Dataset content>

::::::::::

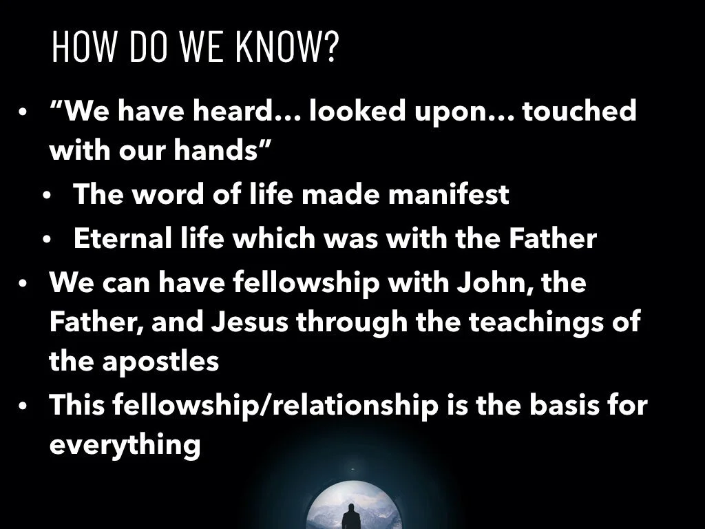 Notice how he begins the letter. He talks about the word of life as though it is a person. This sounds a lot like the gospel John also wrote, "The word became flesh and dwelt among us." Jesus is the word of God made manifest. He is the complete revelation of who God the Father is. John says that he is an eyewitness of this. He has proclaimed this to his readers so that they can be in fellowship with one another, with God the Father, and with his Son. This is a fantastic statement. The revelation of God through Jesus has made it to where we can have fellowship with God. To have the assurance of eternal life, we must have fellowship with God. This is where we get the idea that salvation is about a relationship, not rule-keeping.
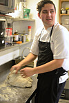 Nå står han og ruller rundstykker som skal stekes til frokosten neste morgen.
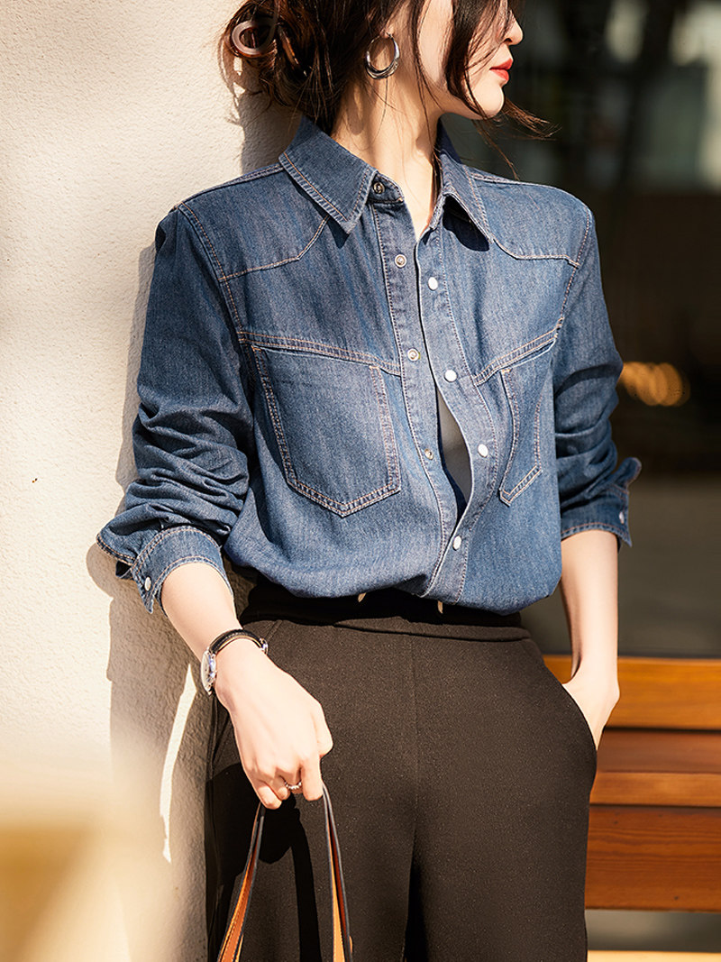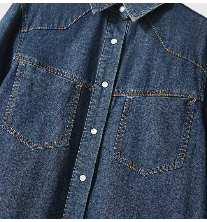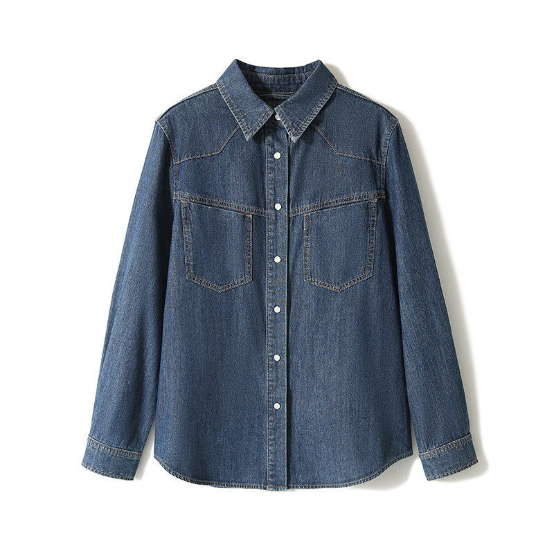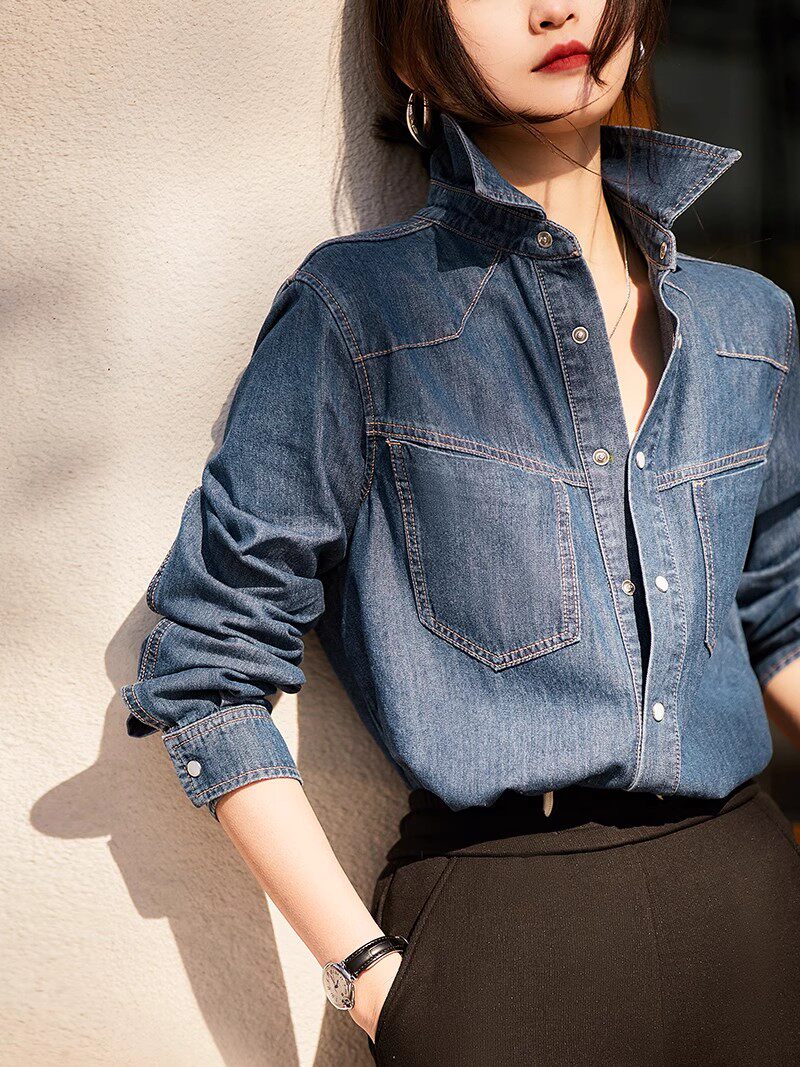 复古加绒水洗牛仔衬衫女春秋新款时髦设计高级感长袖叠穿衬衣外套
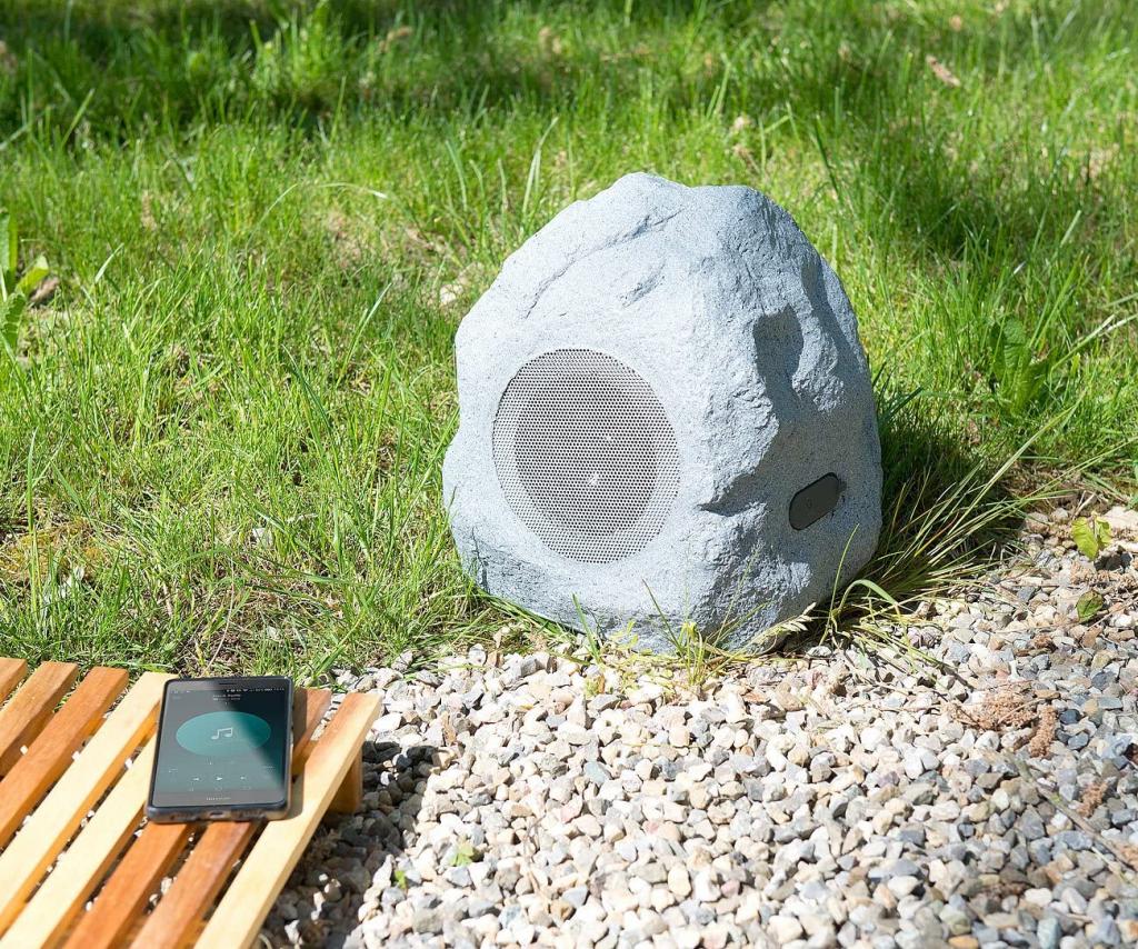 Der Lautsprecher für den Außenbereich: Der optisch einem Stein ähnelnde Lautsprecher enthält moderne Technologie, um jederzeit Ihre Lieblingshits zu spielen. Kabelloses Streaming: Streamen Sie Ihre Musik von Ihrem Smartphone, Tablet und mehr über Bluetooth. Sie können immer hören, was Sie hören wollen! Musik für Ihre Gartenparty: Dank 30 Watt Spitzenleistung können Sie auch auf der anderen Seite Ihres Gartens oder Hofs Musik hören. Ideal für die Unterhaltung aller Gäste - ob Grillabend oder Kaffee und Kuchen. Auffällig unauffällig: Der Kunststein lässt sich fast überall schön platzieren - ob auf der Terrasse, im Garten oder im Hof. Der integrierte Lautsprecher ist nur bei genauem Hinsehen sichtbar.

::::::::::

Your instructions>
Keeping pictures out, repeat exactly the lines from the one containing "Nå står han" through the end of the listing.

Answer to the problem>
 Nå står han og ruller rundstykker som skal stekes til frokosten neste morgen.
 复古加绒水洗牛仔衬衫女春秋新款时髦设计高级感长袖叠穿衬衣外套
 Der Lautsprecher für den Außenbereich: Der optisch einem Stein ähnelnde Lautsprecher enthält moderne Technologie, um jederzeit Ihre Lieblingshits zu spielen. Kabelloses Streaming: Streamen Sie Ihre Musik von Ihrem Smartphone, Tablet und mehr über Bluetooth. Sie können immer hören, was Sie hören wollen! Musik für Ihre Gartenparty: Dank 30 Watt Spitzenleistung können Sie auch auf der anderen Seite Ihres Gartens oder Hofs Musik hören. Ideal für die Unterhaltung aller Gäste - ob Grillabend oder Kaffee und Kuchen. Auffällig unauffällig: Der Kunststein lässt sich fast überall schön platzieren - ob auf der Terrasse, im Garten oder im Hof. Der integrierte Lautsprecher ist nur bei genauem Hinsehen sichtbar.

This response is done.